▸ **EXERCISE**:
Exact wording is required: give all the records again, minus the pictures.

▸ **EXERCISE DATA**:
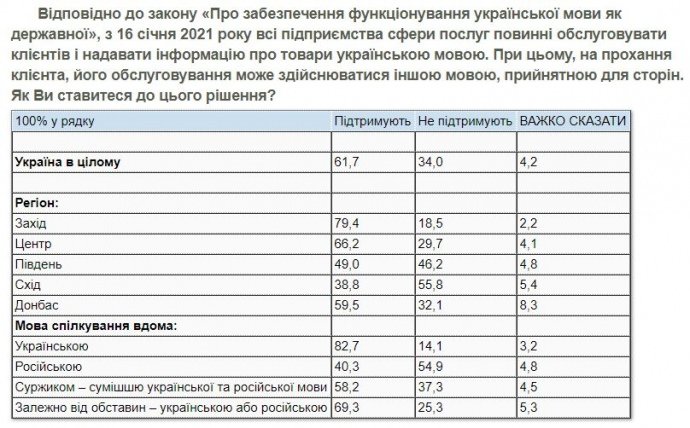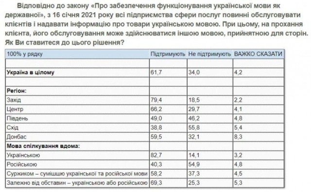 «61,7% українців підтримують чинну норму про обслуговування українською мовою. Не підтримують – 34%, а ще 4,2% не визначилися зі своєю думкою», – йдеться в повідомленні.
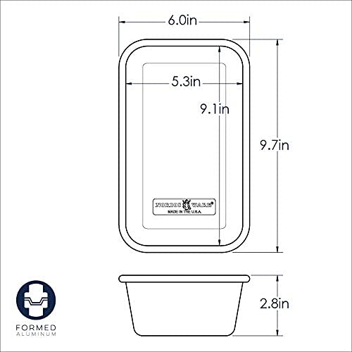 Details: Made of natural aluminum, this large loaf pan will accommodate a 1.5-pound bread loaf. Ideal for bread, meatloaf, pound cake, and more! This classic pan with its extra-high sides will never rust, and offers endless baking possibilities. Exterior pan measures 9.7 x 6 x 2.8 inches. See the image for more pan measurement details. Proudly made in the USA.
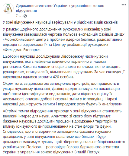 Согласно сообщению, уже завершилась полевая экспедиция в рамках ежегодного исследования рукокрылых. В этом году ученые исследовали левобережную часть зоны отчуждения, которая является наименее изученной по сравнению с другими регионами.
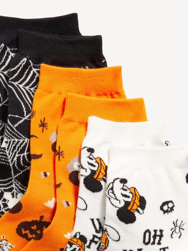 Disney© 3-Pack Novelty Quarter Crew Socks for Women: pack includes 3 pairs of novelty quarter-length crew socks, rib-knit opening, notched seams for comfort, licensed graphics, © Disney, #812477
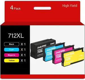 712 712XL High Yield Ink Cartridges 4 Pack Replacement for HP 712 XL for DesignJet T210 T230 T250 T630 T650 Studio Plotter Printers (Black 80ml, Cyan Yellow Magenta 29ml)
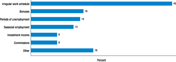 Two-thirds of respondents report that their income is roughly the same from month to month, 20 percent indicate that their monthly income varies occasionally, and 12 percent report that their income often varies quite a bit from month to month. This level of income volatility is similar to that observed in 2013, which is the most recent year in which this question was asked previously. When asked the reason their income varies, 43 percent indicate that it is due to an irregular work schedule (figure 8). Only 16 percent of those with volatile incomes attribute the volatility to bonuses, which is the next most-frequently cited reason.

▸ **YOUR SOLUTION**:
 «61,7% українців підтримують чинну норму про обслуговування українською мовою. Не підтримують – 34%, а ще 4,2% не визначилися зі своєю думкою», – йдеться в повідомленні.
 Details: Made of natural aluminum, this large loaf pan will accommodate a 1.5-pound bread loaf. Ideal for bread, meatloaf, pound cake, and more! This classic pan with its extra-high sides will never rust, and offers endless baking possibilities. Exterior pan measures 9.7 x 6 x 2.8 inches. See the image for more pan measurement details. Proudly made in the USA.
 Согласно сообщению, уже завершилась полевая экспедиция в рамках ежегодного исследования рукокрылых. В этом году ученые исследовали левобережную часть зоны отчуждения, которая является наименее изученной по сравнению с другими регионами.
 Disney© 3-Pack Novelty Quarter Crew Socks for Women: pack includes 3 pairs of novelty quarter-length crew socks, rib-knit opening, notched seams for comfort, licensed graphics, © Disney, #812477
 712 712XL High Yield Ink Cartridges 4 Pack Replacement for HP 712 XL for DesignJet T210 T230 T250 T630 T650 Studio Plotter Printers (Black 80ml, Cyan Yellow Magenta 29ml)
 Two-thirds of respondents report that their income is roughly the same from month to month, 20 percent indicate that their monthly income varies occasionally, and 12 percent report that their income often varies quite a bit from month to month. This level of income volatility is similar to that observed in 2013, which is the most recent year in which this question was asked previously. When asked the reason their income varies, 43 percent indicate that it is due to an irregular work schedule (figure 8). Only 16 percent of those with volatile incomes attribute the volatility to bonuses, which is the next most-frequently cited reason.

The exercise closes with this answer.